Garrett knew he had played a poor back pass, looked across and saw Gault charging forward and did make contact with the midfielder.
When Dunlop, who was taking charge of his first Irish Cup final, studies the action again he should admit he got it wrong.
Portadown didn't even get a free-kick when Morris picked up the back pass!
Dunlop deserves praise for speaking to the media after the game but he did have a clear view of the incident and admitted there was "minimal contact".
Only Gault knows if he could have stayed on his feet after Garrett's challenge but even if he did go to ground easily, there was contact and the centre-back was a lucky boy.
Reports of Crangle's headset not working properly are irrelevant as the Fifa official could easily have attracted Dunlop's attention.
Birney's handball was also ignored when it could well have resulted in a penalty and not surprisingly the hairdryer was in full blast mode when McFall conducted his post-match press conference.

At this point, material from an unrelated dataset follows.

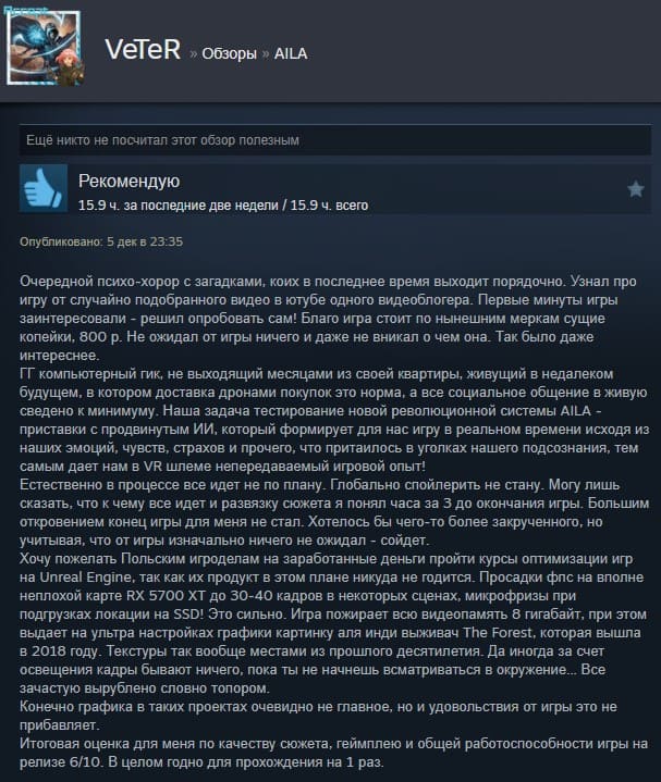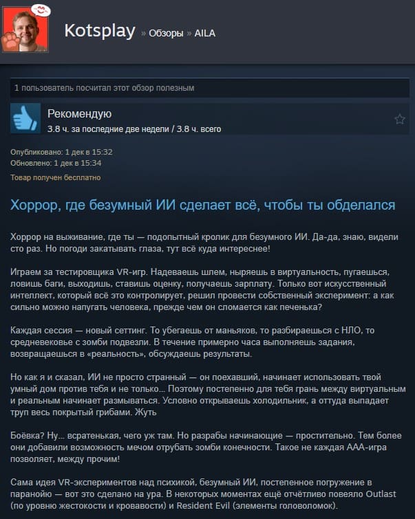 A.I.L.A – хоррор от 1-го лица, действие которого разворачивается в ближайшем будущем, где границы между реальностью и виртуальной симуляцией практически исчезли. Главный герой, Сэмюэл С., единственный тестировщик нового поколения видеоигр, получает задание оценить возможности революционного ИИ. Система сканирует самые глубокие страхи пользователя и на их основе создает уникальные, по-настоящему пугающие сценарии.

By the end of it you were left reflecting on what a shame it was that the most experienced manager in European football retains such a dim view of the standard of our officials.
"Every week in the Irish League there are controversial decisions which the referees don't get right," raged McFall.

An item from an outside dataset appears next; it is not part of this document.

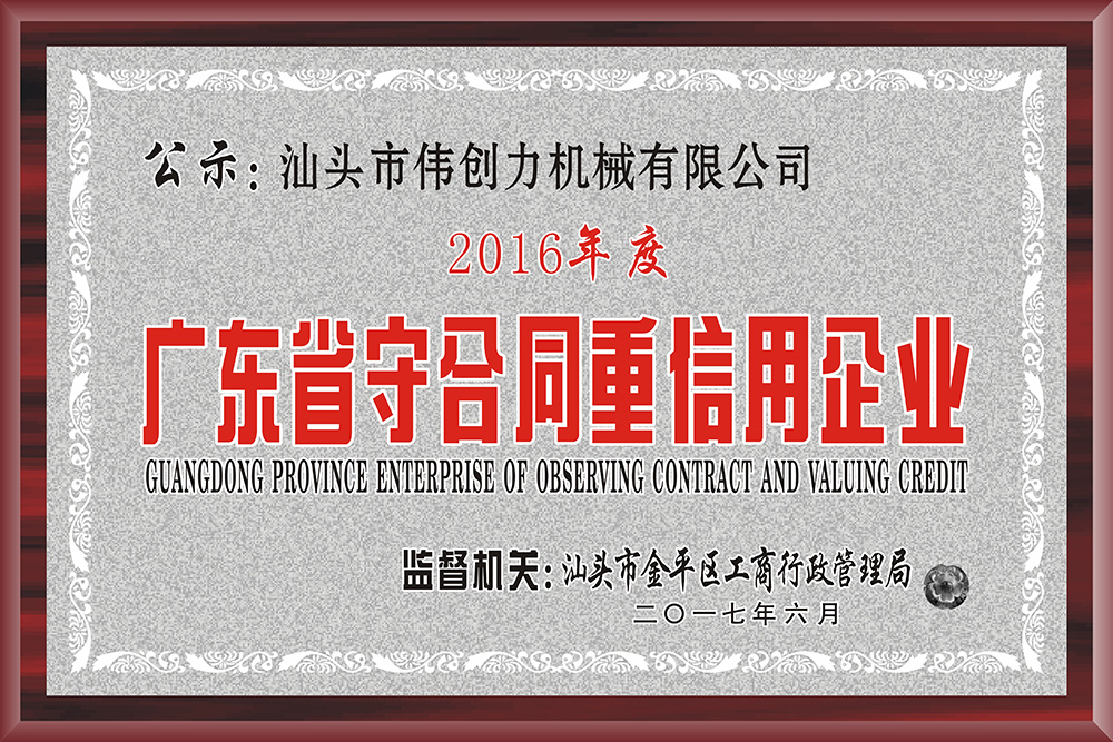 汕頭市偉創(chuàng)力機械有限公司獲得2016年度廣東省守合同重信用企業(yè)

"That (Garrett's challenge) was the big moment in the match and the referees didn't get it right. That's the bottom line."
While Portadown's frustration is understandable they will be disappointed they didn't sparkle more in the final third and their defence was caught napping for the goal. In contrast, Garrett and Birney produced sensational performances in the heart of the Glens defence, ably assisted by the magnificent Marcus Kane while Barry Holland is a perfect example of the class and composure experienced players bring to a side.
As late substitute Kym Nelson said after the contest, "it's a man's game" and it's now time to stop referring to this Glentoran team as young. The boys are men now and Irish Cup winners.
It wasn't a pretty game in wet and slippery conditions but Scullion, who had clipped the Ports crossbar with a long-range effort in the opening half, produced the game's magical moment just seconds after Gault's tumble.
The winger beautifully controlled Jordan Stewart's cross and then expertly drove the ball past David Miskelly.
For all their attacking flair the Ports didn't threaten enough and when they did Morris superbly tipped over Garry Breen's header.
But the big talking points were Garrett's clash with Gault and the Birney handball that wasn't spotted.
Not surprisingly, there were no protests from the Glentoran camp.
Morris said: "I thought he (Gault) caught Willie after the back pass was scuffed a bit."
Boss Eddie Patterson, who was rightly proud of his young warriors, said: "I thought Michael Gault ran across Willie Garrett who doesn't break stride.
"He doesn't make another movement to obstruct Michael. My view of it was Willie kept going and Gaulty clipped him."
Off the pitch there were ugly scenes when some Portadown fans attempted to force their way through a gate but stewards acted swiftly.
The record books will record Glentoran as winners.
Their champagne will taste sweet but Portadown won't be buying the officials any.
Glentoran: Morris 7, Garrett 8, Kane 8, Birney 8, McAlorum 8, Holland 8, Henderson 6, Gordon 7, Stewart 7, Allen 7, Scullion 8. Subs: McCaffrey (for Scullion 89) 6, Addis (for Henderson 89) 6, Nelson (for Stewart 90) 6. Subs not used: McKee, Hogg
Portadown: Miskelly 6, Casement 6, Redman 6, O'Hara 6, Breen 7, McMahon 6, Mackle 7, McAllister 6, Gault 7, Twigg 6, Garrett 8. Subs: Murray (for McAllister 72) 6. Subs not used: Brennan, Ramsey, Lyttle, Conaty.